Every line of the material needs an exact copy, apart from the images.

#####

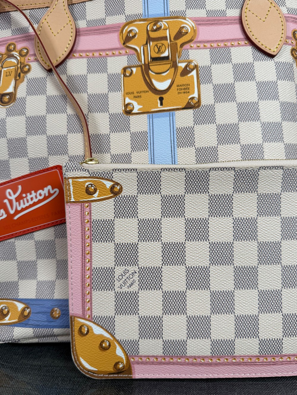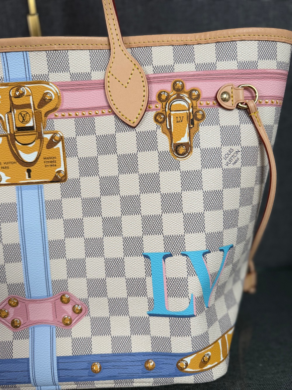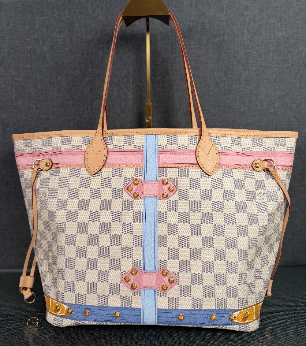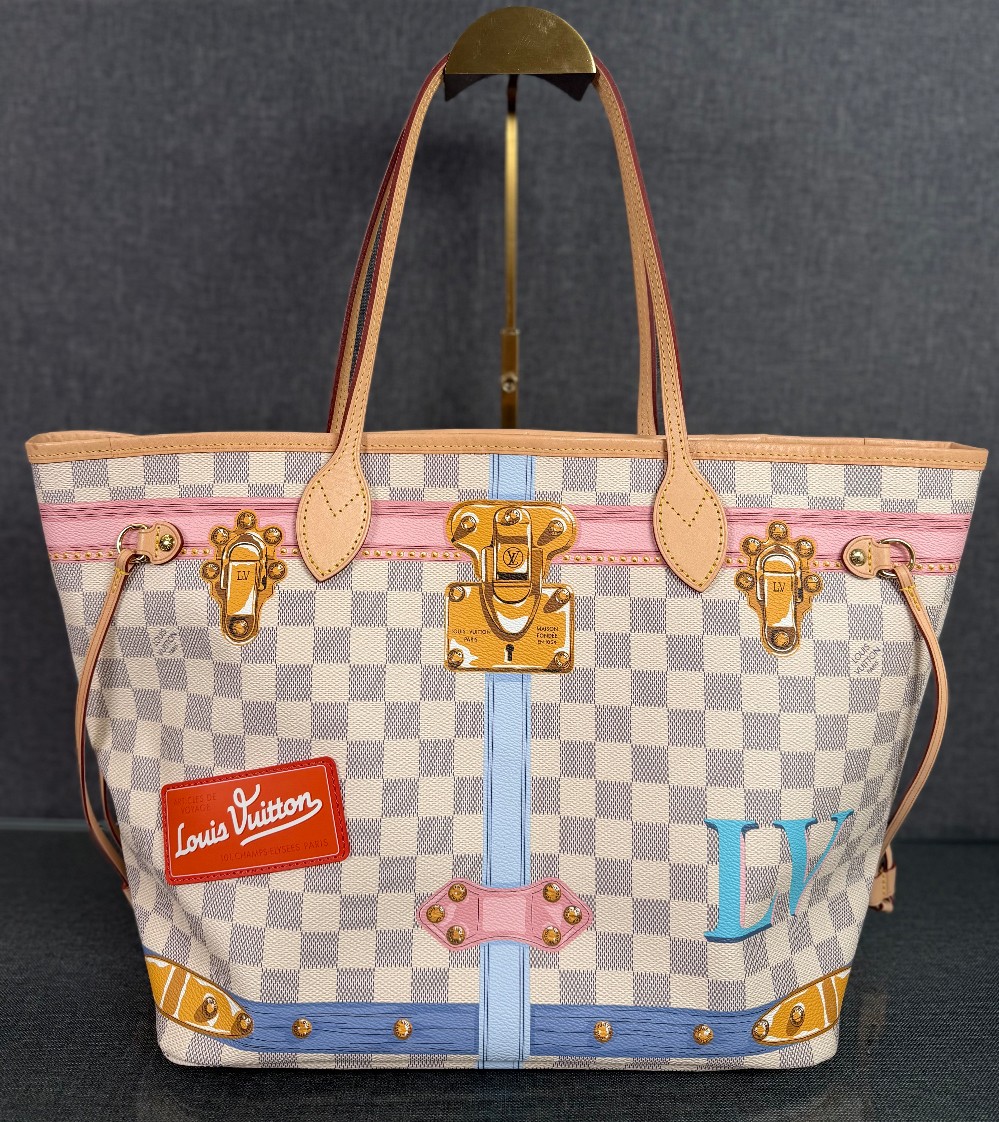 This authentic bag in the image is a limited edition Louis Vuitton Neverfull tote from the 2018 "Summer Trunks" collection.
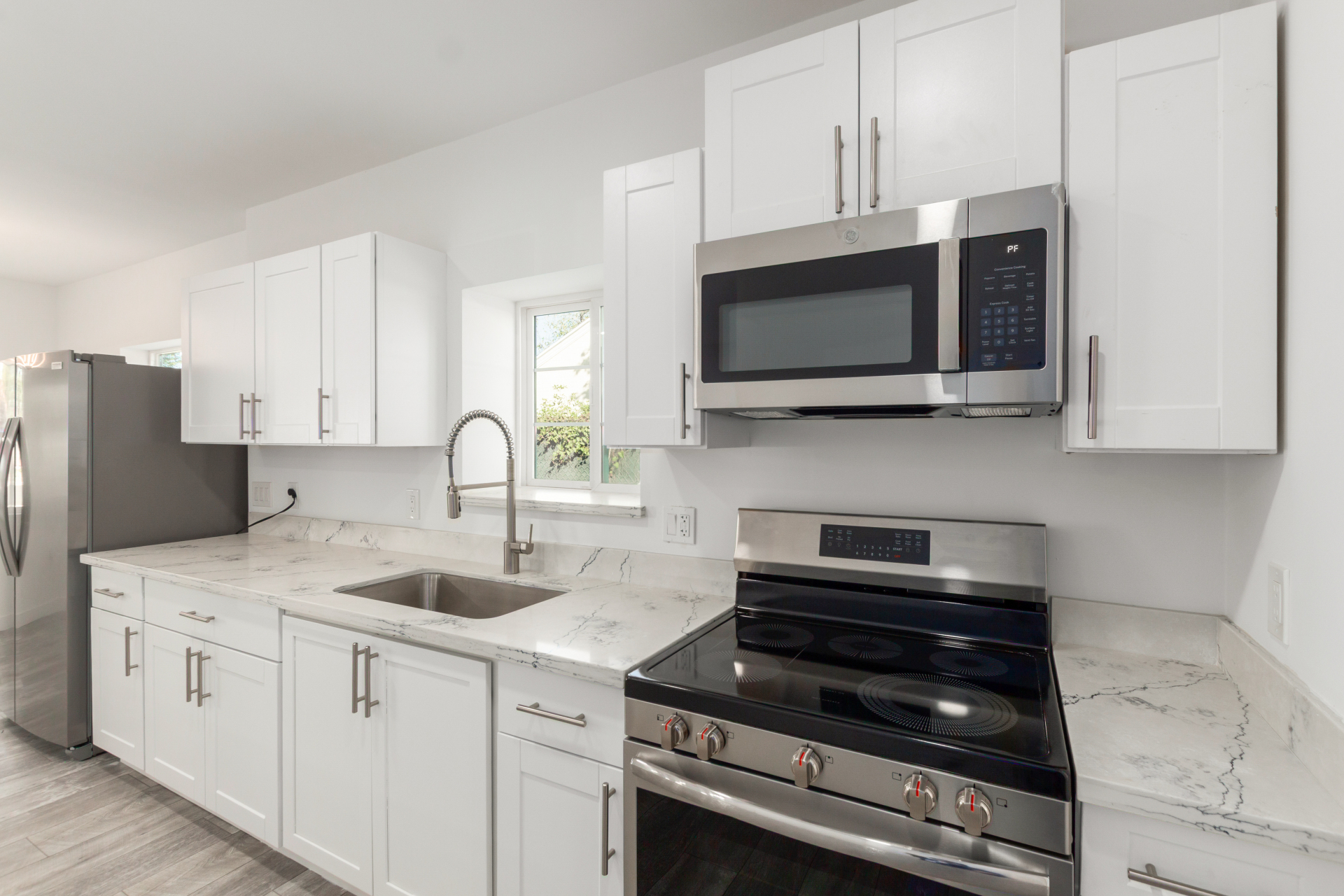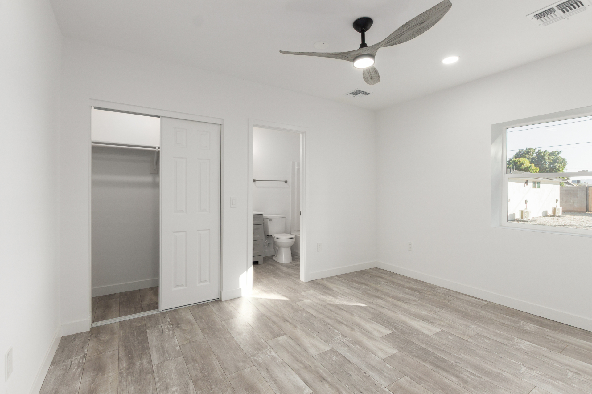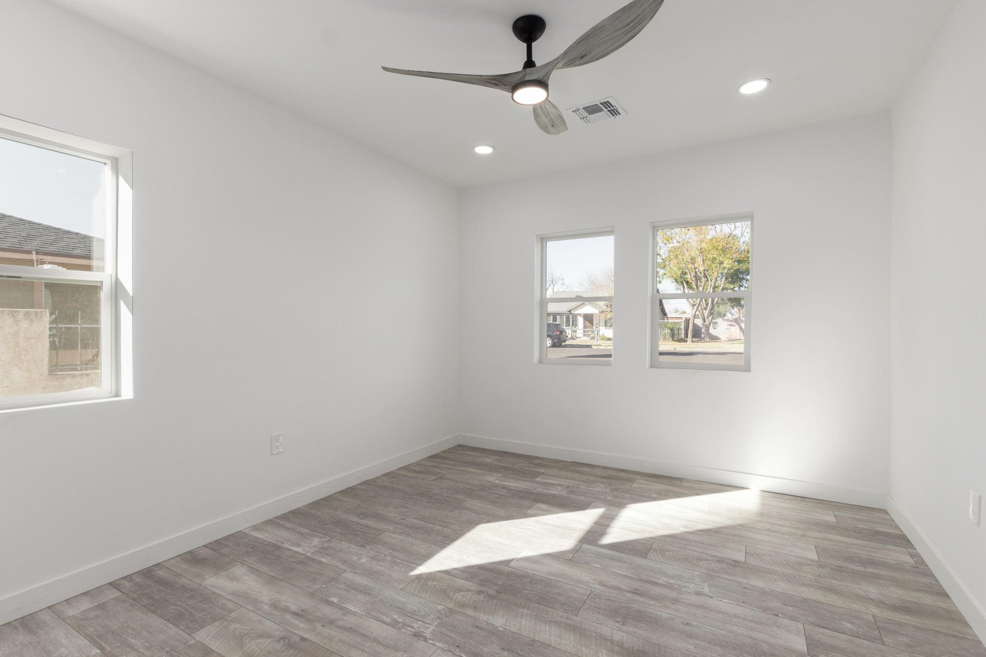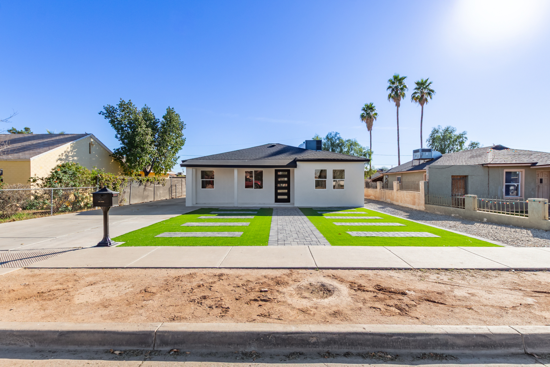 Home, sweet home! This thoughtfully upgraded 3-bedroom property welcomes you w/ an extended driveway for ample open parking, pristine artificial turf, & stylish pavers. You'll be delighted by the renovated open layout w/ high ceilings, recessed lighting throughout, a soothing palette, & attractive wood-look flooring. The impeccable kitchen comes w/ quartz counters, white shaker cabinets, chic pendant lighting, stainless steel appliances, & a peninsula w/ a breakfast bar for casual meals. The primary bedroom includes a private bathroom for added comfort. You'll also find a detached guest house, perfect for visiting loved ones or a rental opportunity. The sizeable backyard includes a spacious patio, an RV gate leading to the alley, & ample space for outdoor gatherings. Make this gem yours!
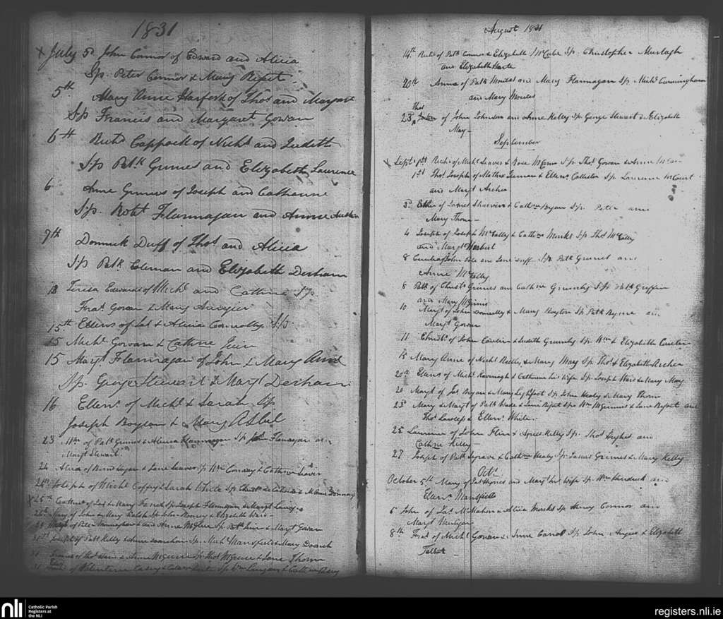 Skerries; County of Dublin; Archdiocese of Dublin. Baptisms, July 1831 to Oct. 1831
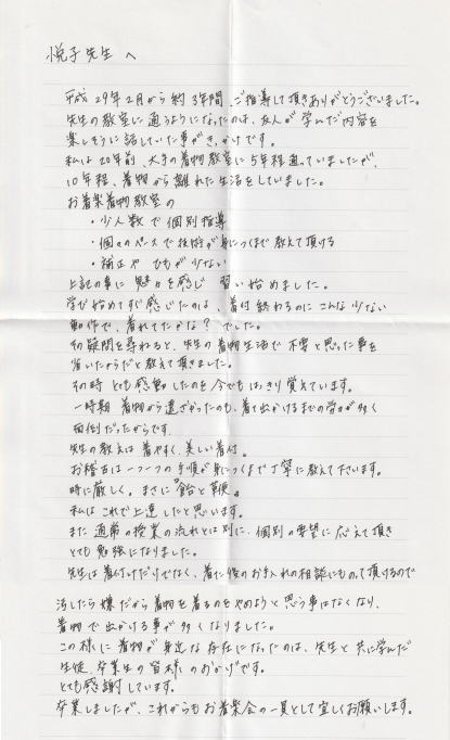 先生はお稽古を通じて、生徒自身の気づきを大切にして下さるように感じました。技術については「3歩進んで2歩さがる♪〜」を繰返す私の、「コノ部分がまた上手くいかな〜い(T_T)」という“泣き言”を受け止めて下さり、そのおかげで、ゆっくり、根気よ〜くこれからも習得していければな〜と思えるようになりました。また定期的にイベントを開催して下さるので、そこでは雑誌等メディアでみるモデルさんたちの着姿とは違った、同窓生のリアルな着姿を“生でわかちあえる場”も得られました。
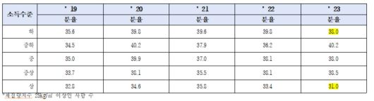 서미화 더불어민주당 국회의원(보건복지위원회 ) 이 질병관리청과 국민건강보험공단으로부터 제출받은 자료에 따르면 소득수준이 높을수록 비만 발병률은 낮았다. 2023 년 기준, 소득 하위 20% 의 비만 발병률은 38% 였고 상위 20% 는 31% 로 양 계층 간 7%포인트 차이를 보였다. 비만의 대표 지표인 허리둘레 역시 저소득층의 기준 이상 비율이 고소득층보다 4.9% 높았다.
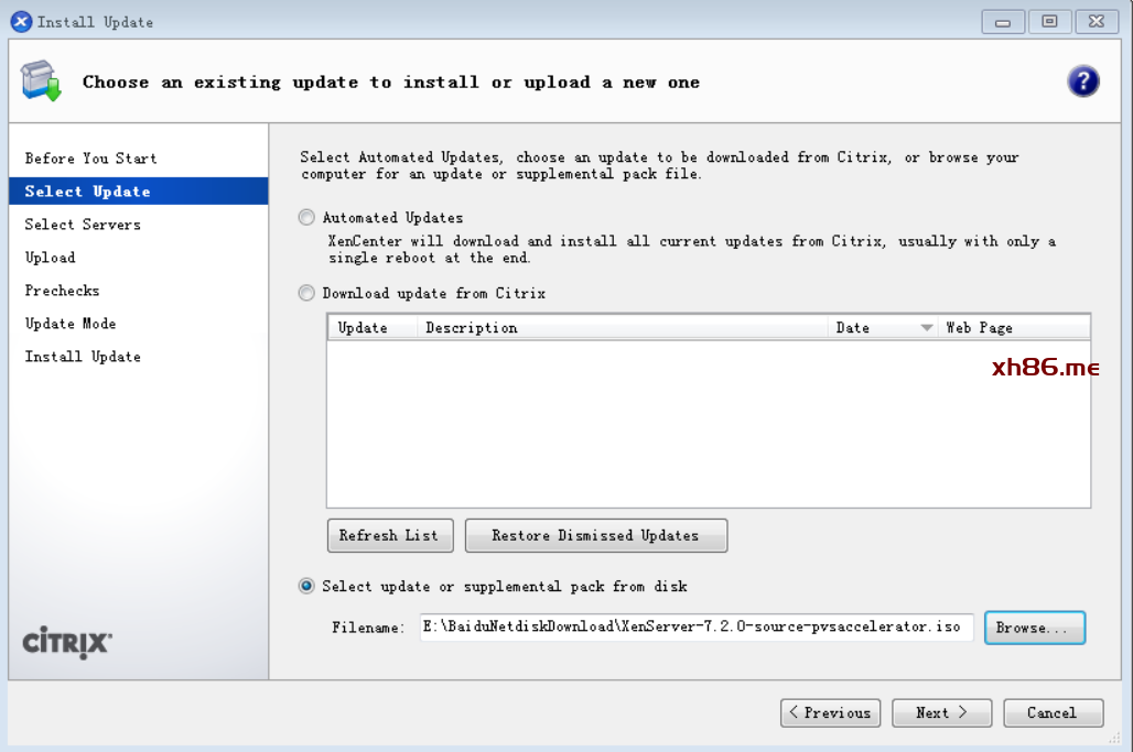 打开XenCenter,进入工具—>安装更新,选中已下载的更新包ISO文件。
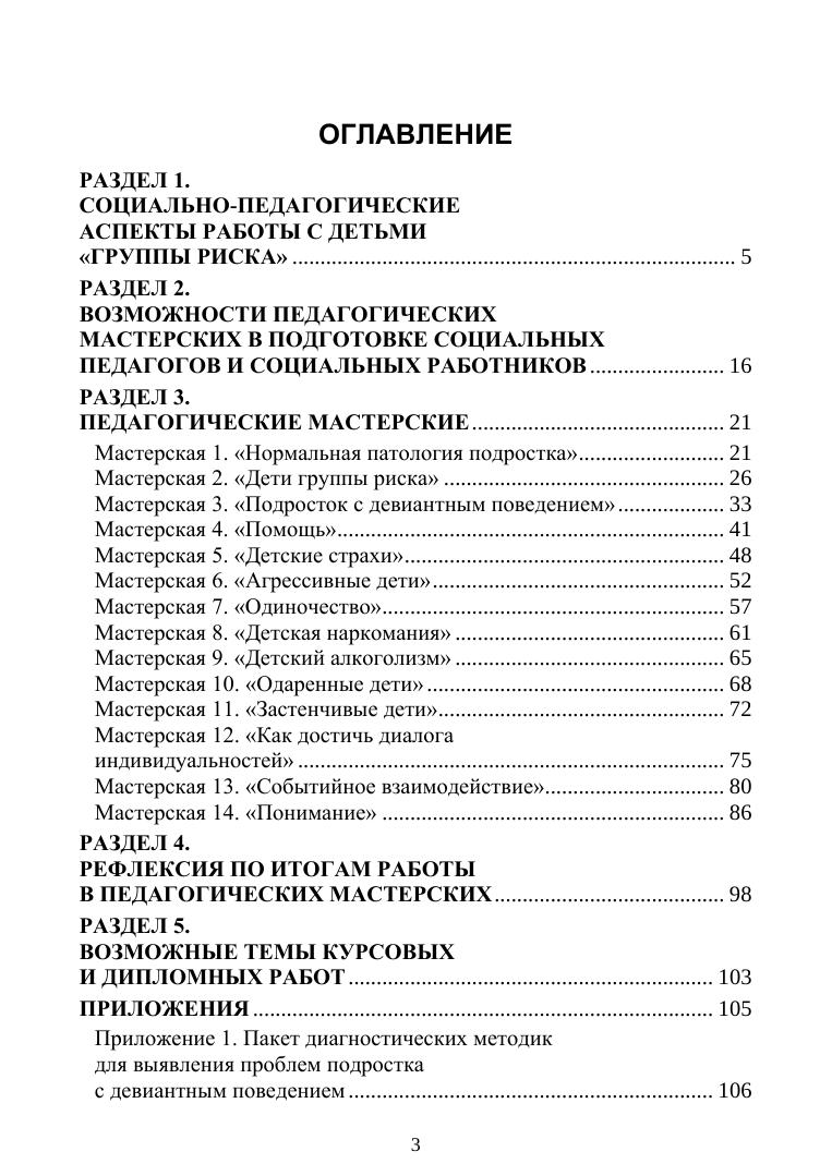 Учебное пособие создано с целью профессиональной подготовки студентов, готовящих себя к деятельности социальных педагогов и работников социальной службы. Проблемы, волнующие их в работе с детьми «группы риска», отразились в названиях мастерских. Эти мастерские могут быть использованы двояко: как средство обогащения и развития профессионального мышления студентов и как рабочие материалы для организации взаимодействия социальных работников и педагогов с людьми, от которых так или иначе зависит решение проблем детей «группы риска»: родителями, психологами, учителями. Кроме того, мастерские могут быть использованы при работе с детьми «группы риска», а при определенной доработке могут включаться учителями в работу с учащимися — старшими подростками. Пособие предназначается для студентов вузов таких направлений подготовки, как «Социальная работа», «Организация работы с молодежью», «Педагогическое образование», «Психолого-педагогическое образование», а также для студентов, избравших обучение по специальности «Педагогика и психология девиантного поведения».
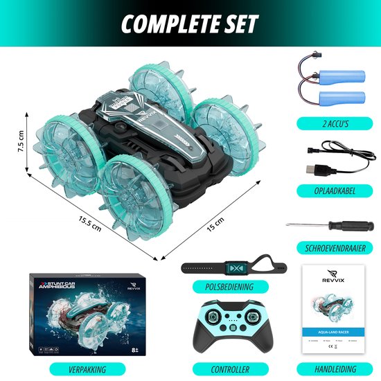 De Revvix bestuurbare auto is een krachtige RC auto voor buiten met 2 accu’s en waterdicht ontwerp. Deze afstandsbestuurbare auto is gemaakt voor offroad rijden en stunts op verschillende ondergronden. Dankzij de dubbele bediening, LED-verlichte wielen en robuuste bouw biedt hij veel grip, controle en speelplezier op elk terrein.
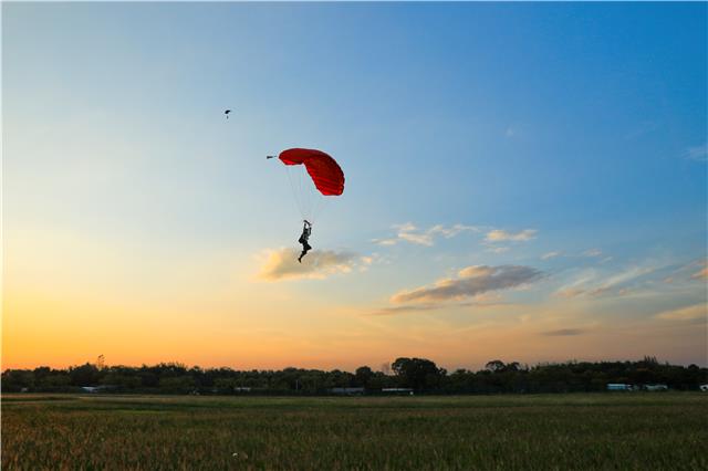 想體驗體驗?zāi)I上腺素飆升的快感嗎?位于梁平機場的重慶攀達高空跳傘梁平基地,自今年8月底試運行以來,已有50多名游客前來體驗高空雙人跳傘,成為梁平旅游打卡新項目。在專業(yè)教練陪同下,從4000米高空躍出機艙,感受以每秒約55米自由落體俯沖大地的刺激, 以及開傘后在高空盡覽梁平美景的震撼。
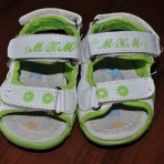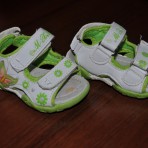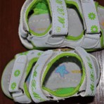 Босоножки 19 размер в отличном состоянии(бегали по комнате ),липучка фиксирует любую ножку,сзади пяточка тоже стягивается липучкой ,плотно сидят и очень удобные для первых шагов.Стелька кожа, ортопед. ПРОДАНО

#####

**Solved problem**:
 This authentic bag in the image is a limited edition Louis Vuitton Neverfull tote from the 2018 "Summer Trunks" collection.
 Home, sweet home! This thoughtfully upgraded 3-bedroom property welcomes you w/ an extended driveway for ample open parking, pristine artificial turf, & stylish pavers. You'll be delighted by the renovated open layout w/ high ceilings, recessed lighting throughout, a soothing palette, & attractive wood-look flooring. The impeccable kitchen comes w/ quartz counters, white shaker cabinets, chic pendant lighting, stainless steel appliances, & a peninsula w/ a breakfast bar for casual meals. The primary bedroom includes a private bathroom for added comfort. You'll also find a detached guest house, perfect for visiting loved ones or a rental opportunity. The sizeable backyard includes a spacious patio, an RV gate leading to the alley, & ample space for outdoor gatherings. Make this gem yours!
 Skerries; County of Dublin; Archdiocese of Dublin. Baptisms, July 1831 to Oct. 1831
 先生はお稽古を通じて、生徒自身の気づきを大切にして下さるように感じました。技術については「3歩進んで2歩さがる♪〜」を繰返す私の、「コノ部分がまた上手くいかな〜い(T_T)」という“泣き言”を受け止めて下さり、そのおかげで、ゆっくり、根気よ〜くこれからも習得していければな〜と思えるようになりました。また定期的にイベントを開催して下さるので、そこでは雑誌等メディアでみるモデルさんたちの着姿とは違った、同窓生のリアルな着姿を“生でわかちあえる場”も得られました。
 서미화 더불어민주당 국회의원(보건복지위원회 ) 이 질병관리청과 국민건강보험공단으로부터 제출받은 자료에 따르면 소득수준이 높을수록 비만 발병률은 낮았다. 2023 년 기준, 소득 하위 20% 의 비만 발병률은 38% 였고 상위 20% 는 31% 로 양 계층 간 7%포인트 차이를 보였다. 비만의 대표 지표인 허리둘레 역시 저소득층의 기준 이상 비율이 고소득층보다 4.9% 높았다.
 打开XenCenter,进入工具—>安装更新,选中已下载的更新包ISO文件。
 Учебное пособие создано с целью профессиональной подготовки студентов, готовящих себя к деятельности социальных педагогов и работников социальной службы. Проблемы, волнующие их в работе с детьми «группы риска», отразились в названиях мастерских. Эти мастерские могут быть использованы двояко: как средство обогащения и развития профессионального мышления студентов и как рабочие материалы для организации взаимодействия социальных работников и педагогов с людьми, от которых так или иначе зависит решение проблем детей «группы риска»: родителями, психологами, учителями. Кроме того, мастерские могут быть использованы при работе с детьми «группы риска», а при определенной доработке могут включаться учителями в работу с учащимися — старшими подростками. Пособие предназначается для студентов вузов таких направлений подготовки, как «Социальная работа», «Организация работы с молодежью», «Педагогическое образование», «Психолого-педагогическое образование», а также для студентов, избравших обучение по специальности «Педагогика и психология девиантного поведения».
 De Revvix bestuurbare auto is een krachtige RC auto voor buiten met 2 accu’s en waterdicht ontwerp. Deze afstandsbestuurbare auto is gemaakt voor offroad rijden en stunts op verschillende ondergronden. Dankzij de dubbele bediening, LED-verlichte wielen en robuuste bouw biedt hij veel grip, controle en speelplezier op elk terrein.
 想體驗體驗?zāi)I上腺素飆升的快感嗎?位于梁平機場的重慶攀達高空跳傘梁平基地,自今年8月底試運行以來,已有50多名游客前來體驗高空雙人跳傘,成為梁平旅游打卡新項目。在專業(yè)教練陪同下,從4000米高空躍出機艙,感受以每秒約55米自由落體俯沖大地的刺激, 以及開傘后在高空盡覽梁平美景的震撼。
 Босоножки 19 размер в отличном состоянии(бегали по комнате ),липучка фиксирует любую ножку,сзади пяточка тоже стягивается липучкой ,плотно сидят и очень удобные для первых шагов.Стелька кожа, ортопед. ПРОДАНО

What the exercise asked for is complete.